Core Policy Structure

A Philterd redaction policy is defined as a JSON object containing several mandatory and optional top-level fields. This structured approach ensures that your data protection rules are both machine-readable and easy to manage.

Top-Level Fields

  • version (Text, Required): The version of the policy syntax being used. The current stable version is 1.0.
  • name (Text, Required): A unique, descriptive name for the policy (e.g., "Standard-HIPAA-Ruleset"). The name is to allow you to quickly understand the policy's purpose.
  • description (Text, Optional): A brief explanation of the policy's purpose or the regulatory standard it is designed to meet. The description is to help you remember extra information about the policy.
  • notes (Text, Optional): Additional information about the policy that you would like to keep with the policy. Notes are useful to remember what the policy is for, why changes were made to the policy, or any other extra information that might be helpful.
  • filters (Object, Required): A mapping where each key is a PII/PHI type and the value is a list of redaction strategies to be applied to that type.
  • termsToIgnore (Array of Text, Optional): A "whitelist" of specific terms that the system should never redact, even if they match a filter.
  • termsToAlwaysRedact (Array of Text, Optional): A "blacklist" of specific terms that must be redacted every time they are encountered.
  • highlightChangesinWordDocuments (Boolean, Optional): Specifically for .docx files. If set to true, the redacted areas in the output document will be highlighted (usually in yellow) for easy visual identification.
  • turnOnRevisionsinWordDocuments (Boolean, Optional): Specifically for .docx files. If set to true, the platform will enable Microsoft Word's "Track Changes" (Revisions) feature, showing exactly what was removed and what it was replaced with.
  • disambiguationScope (Text, Optional): The scope of the disambiguation during redaction. Valid values are Document and Context. Defaults to Document if not specified.
  • lens (Text, Optional): The lens to apply during redaction. Valid values are general, financial, healthcare, legal, and news. Defaults to general if not specified. See Redaction Lenses for more details.

Example Policy

The following example shows a policy that handles multiple data types with different strategies:

{
  "version": "1.0",
  "name": "comprehensive-privacy-policy",
  "description": "A robust policy for general PII and PHI protection",
  "notes": "I created this policy to redact emails and truncate SSNs.",
  "filters": {
    "PERSON": [
      {
        "strategy": "REDACT",
        "simplifiedCondition": {
          "confidence": 90
        }
      }
    ],
    "EMAIL_ADDRESS": [
      {
        "strategy": "ANONYMIZE"
      }
    ],
    "SSN": [
      {
        "strategy": "LAST_4"
      }
    ]
  },
  "termsToIgnore": ["Philterd", "Headquarters", "Global Sales"],
  "termsToAlwaysRedact": ["Confidential Project Phoenix", "Top Secret"],
  "highlightChangesinWordDocuments": true,
  "turnOnRevisionsinWordDocuments": false,
  "disambiguationScope": "Document"
}

Supported PII/PHI Filters

Filters are the engines that identify specific categories of sensitive information. Philterd supports a wide array of filters, leveraging both pattern matching (RegEx) and advanced AI-based Named Entity Recognition (NER).
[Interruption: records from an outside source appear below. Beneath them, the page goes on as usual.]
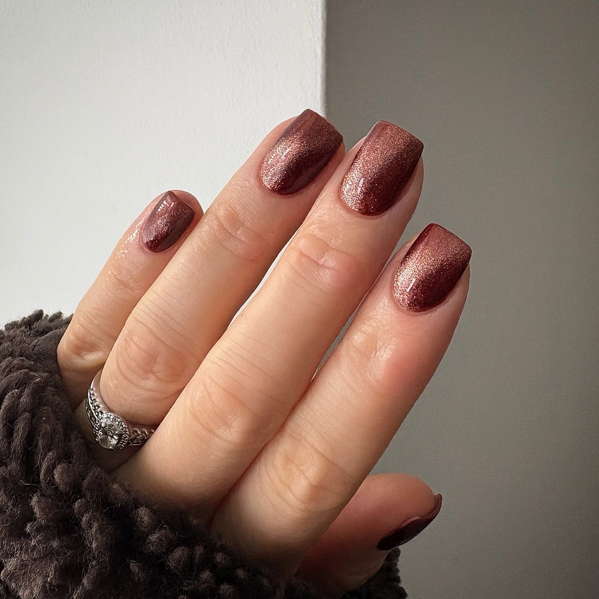 Цікаво: в січні 2026 року Cat Eye все частіше виконують в м’якому градієнті або з ледь помітним діагональним відблиском, що робить манікюр більш витонченим і модним.
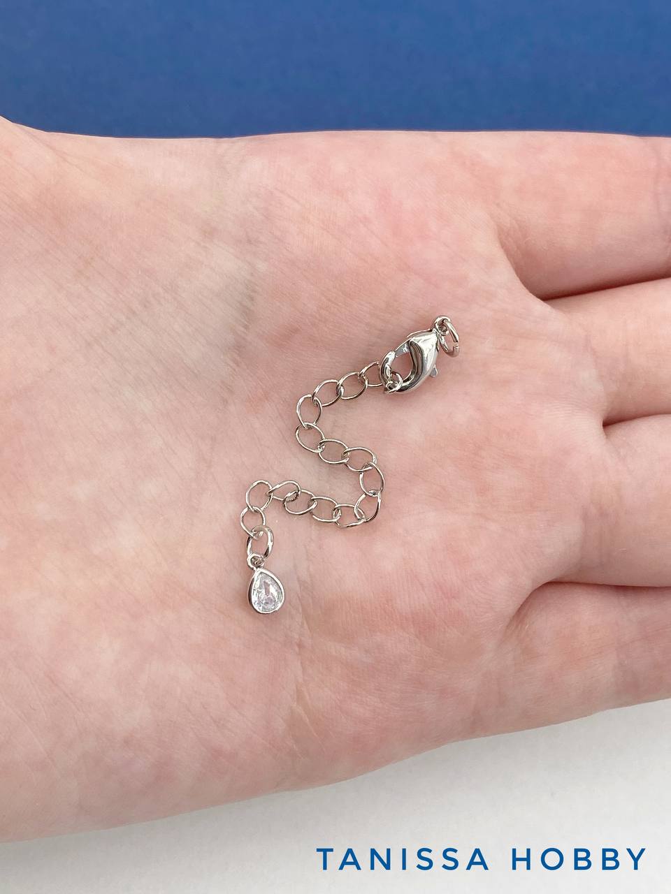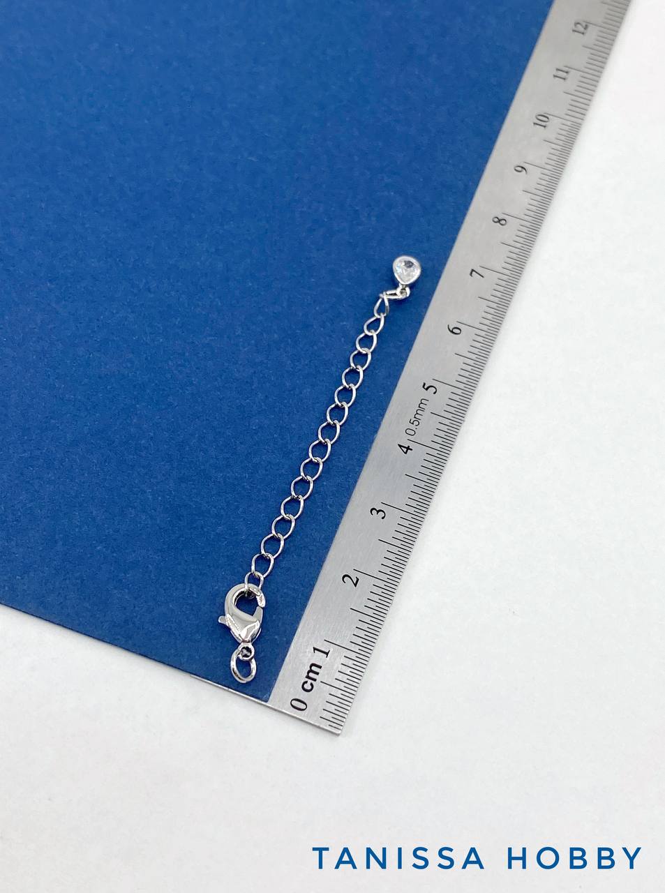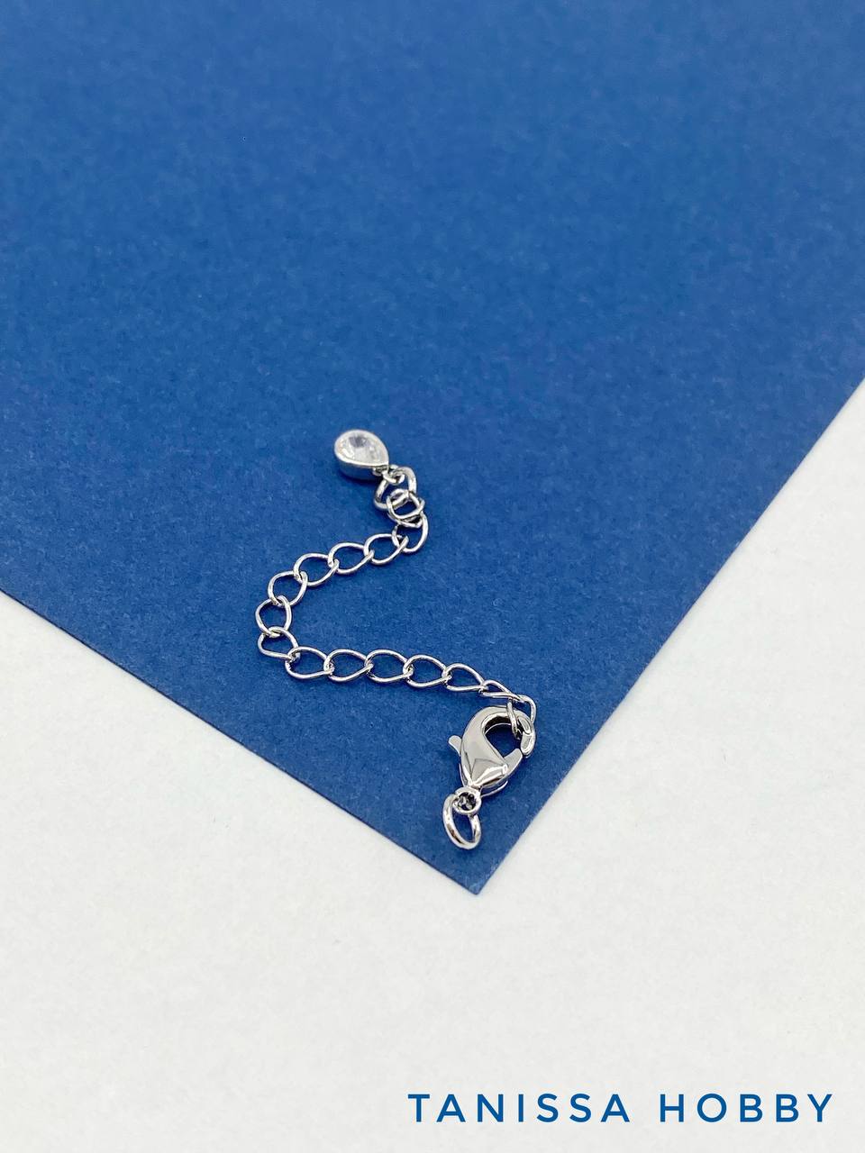 Карабин замок лобстер, 10х5мм, с цепочкой удлинения и фианитом, родий, КР015
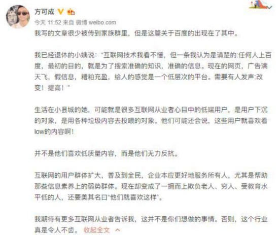 腾讯科技讯 《搜索引擎百度已死》一文作者方可成再次在微博发文称,生活在小县城的用户并不是他们喜欢低质量内容,而是他们无力反抗。此外,方可成还呼吁互联网从业者发声,帮助那些信息素养上的弱势群体。

Filter Key Description Detection Method
PERSON Full names of individuals. AI / NER
FIRST_NAME Common first names. Dictionary / Pattern
SURNAME Common surnames/last names. Dictionary / Pattern
EMAIL_ADDRESS Electronic mail addresses. Pattern
SSN Social Security Numbers. Pattern
AGE References to a person's age. AI / Pattern
PHONE_NUMBER Telephone numbers (various formats). Pattern
STREET_ADDRESS Physical street addresses. AI / NER
LOCATION_CITY City names. AI / NER
LOCATION_STATE State or province names. AI / NER
ZIP_CODE Postal/Zip codes. Pattern
DATE Calendar dates. AI / Pattern
CREDIT_CARD Credit and debit card numbers. Pattern
BANK_ROUTING_NUMBER Financial institution routing codes. Pattern
IP_ADDRESS IPv4 and IPv6 addresses. Pattern
URL Website addresses and links. Pattern
PASSPORT_NUMBER National passport numbers. Pattern
DRIVERS_LICENSE_NUMBER Motor vehicle license numbers. Pattern
VIN Vehicle Identification Numbers. Pattern
IDENTIFIER Custom identifiers (MRNs, Employee IDs). Pattern / AI

Redaction Strategies

A strategy determines the specific transformation applied to a piece of information once it has been identified by a filter.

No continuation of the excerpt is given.